**INFORMATION PROVIDED**.

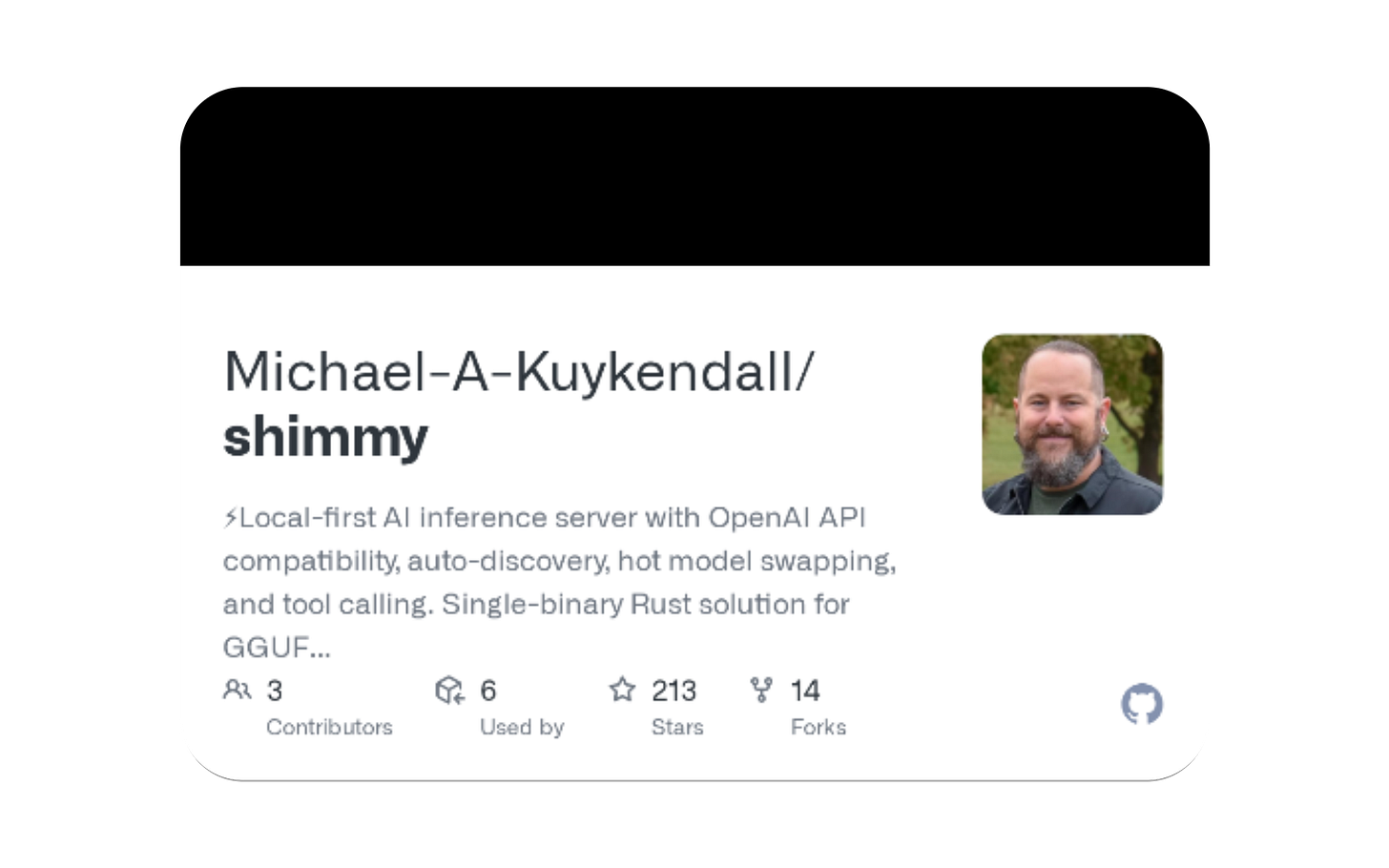 Now this is impressive! Shimmy (MIT License) tackles one of the most annoying problems in local AI dev: why does every LLM runner require hundreds of megabytes and manual configuration? This tiny, invisible infrastructure provides OpenAI API-compatible endpoints in a 5.1MB binary (!) that starts in <100ms with only <50MB memory overhead. Zero configuration, auto port management, perfect for experimenting with Gemma, DeepSeek, and Qwen models.
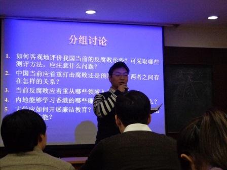 图为程文浩老师讲解中国当前反腐倡廉形势
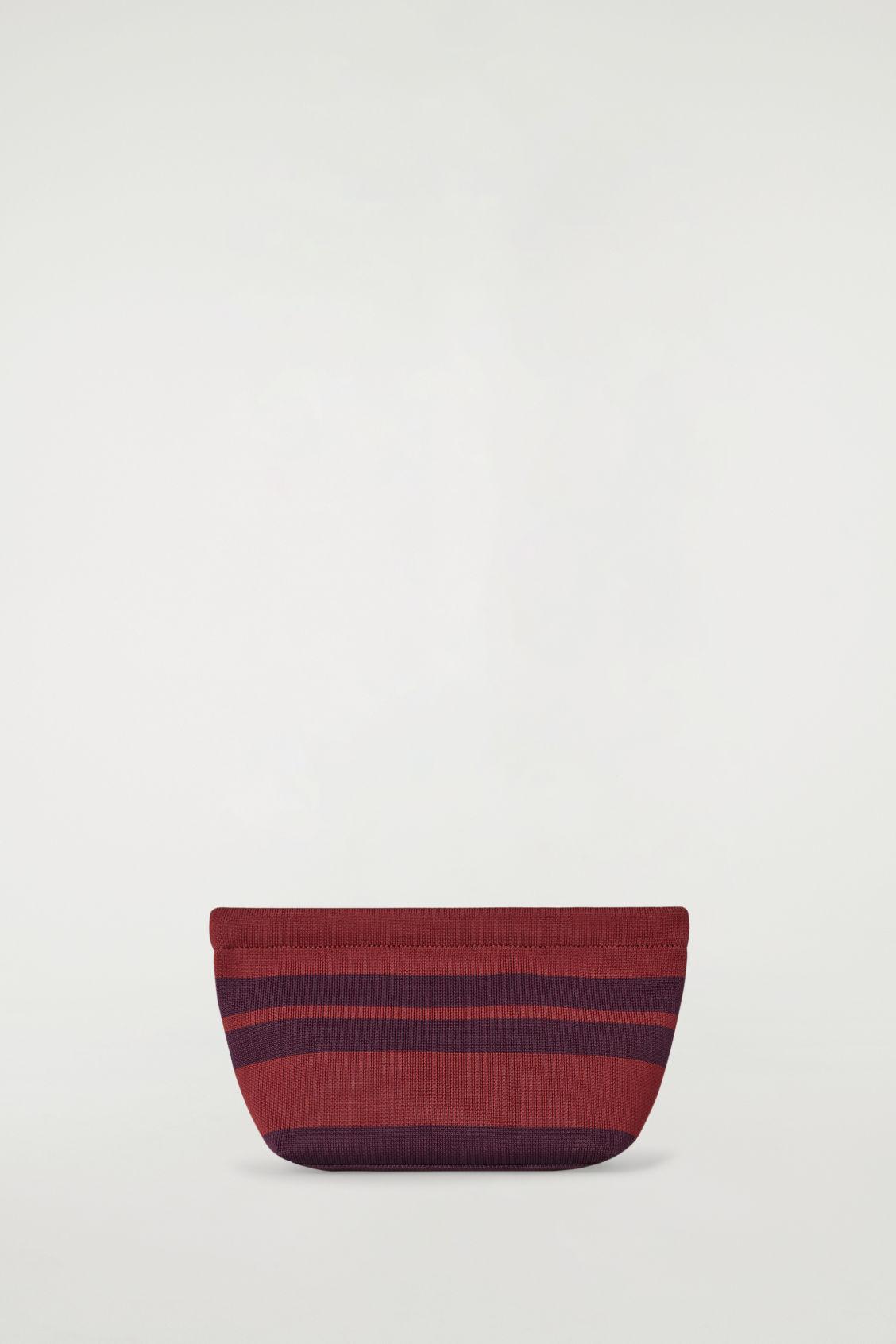 This sportswear-inflected pouch evokes the laid-back ease of summer. Patterned with tonal-red stripes, it's made from a tactile knitted material and features a clip closure to keep your belongings secure. Clip closureA better alternative to conventional polyester, recycled polyester is made from pre‐ and post‐consumer waste Shell: 100% Recycled polyester. Excluding trims Height: 16.5cm, Top width: 30cm, Depth: 10cm
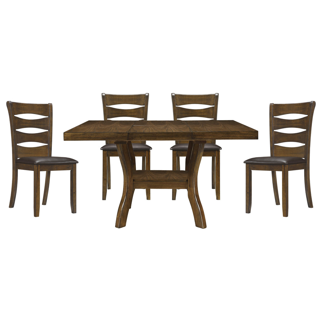 The transitional styling is paired with convenient function to create the Darla Collection. Brown finish highlights the distinct grain of the mindy veneer of the table and accompanying chairs. The folding butterfly leaf allows for quick expansion of the table and convenient storage underneath the table’s top while an under-table shelf allows for open display for tabletop accessories. Pairing with the table are wood framed chairs which feature brown faux leather seats, perfectly complementing the collection’s finish. None
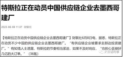 最近看到一个新闻,是说马斯克这次来华期间,动员不少中国的供应链企业去墨西哥建厂。
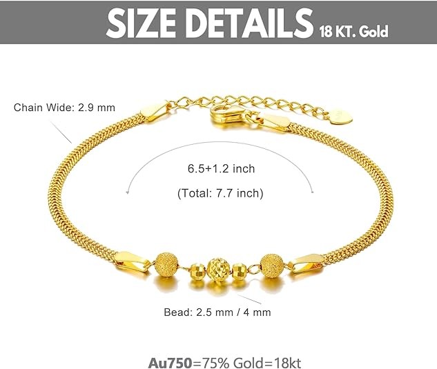 • 【Gift for Her】 The 18 carat gold bracelet packaged in a box is a great gift for wife, daugher, mother, or girlfriend.
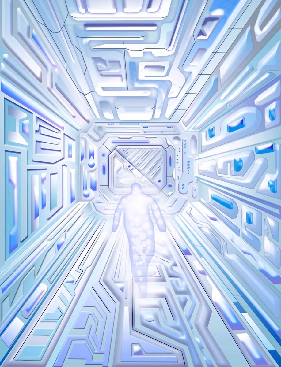 Сила тянет меня туда, влетаю в этот круглый люк и тоннель, лечу по нему головой вперёд, тело сковано, шевелить им не могу, словно его опутали какие-то множественные нити. Сначала тоннель виделся круглым и большим, потом сузился и стал квадратным, глазами вращаю в стороны и рассматриваю стенки тоннеля. Вижу, что они белые, с серыми и тёмными линиями блоков конструкции, проводами и трубами вдоль стен, на их поверхности видятся какие-то светящиеся экранчики, лампочки, кнопки, разного цвета, в основном синие, голубые, фиолетовые.

**WHAT IS REQUIRED**.
Transcribe the full listing exactly, but keep every image out of it.

**RESPONSE FOR THIS EXERCISE**.
 Now this is impressive! Shimmy (MIT License) tackles one of the most annoying problems in local AI dev: why does every LLM runner require hundreds of megabytes and manual configuration? This tiny, invisible infrastructure provides OpenAI API-compatible endpoints in a 5.1MB binary (!) that starts in <100ms with only <50MB memory overhead. Zero configuration, auto port management, perfect for experimenting with Gemma, DeepSeek, and Qwen models.
 图为程文浩老师讲解中国当前反腐倡廉形势
 This sportswear-inflected pouch evokes the laid-back ease of summer. Patterned with tonal-red stripes, it's made from a tactile knitted material and features a clip closure to keep your belongings secure. Clip closureA better alternative to conventional polyester, recycled polyester is made from pre‐ and post‐consumer waste Shell: 100% Recycled polyester. Excluding trims Height: 16.5cm, Top width: 30cm, Depth: 10cm
 The transitional styling is paired with convenient function to create the Darla Collection. Brown finish highlights the distinct grain of the mindy veneer of the table and accompanying chairs. The folding butterfly leaf allows for quick expansion of the table and convenient storage underneath the table’s top while an under-table shelf allows for open display for tabletop accessories. Pairing with the table are wood framed chairs which feature brown faux leather seats, perfectly complementing the collection’s finish. None
 最近看到一个新闻,是说马斯克这次来华期间,动员不少中国的供应链企业去墨西哥建厂。
 • 【Gift for Her】 The 18 carat gold bracelet packaged in a box is a great gift for wife, daugher, mother, or girlfriend.
 Сила тянет меня туда, влетаю в этот круглый люк и тоннель, лечу по нему головой вперёд, тело сковано, шевелить им не могу, словно его опутали какие-то множественные нити. Сначала тоннель виделся круглым и большим, потом сузился и стал квадратным, глазами вращаю в стороны и рассматриваю стенки тоннеля. Вижу, что они белые, с серыми и тёмными линиями блоков конструкции, проводами и трубами вдоль стен, на их поверхности видятся какие-то светящиеся экранчики, лампочки, кнопки, разного цвета, в основном синие, голубые, фиолетовые.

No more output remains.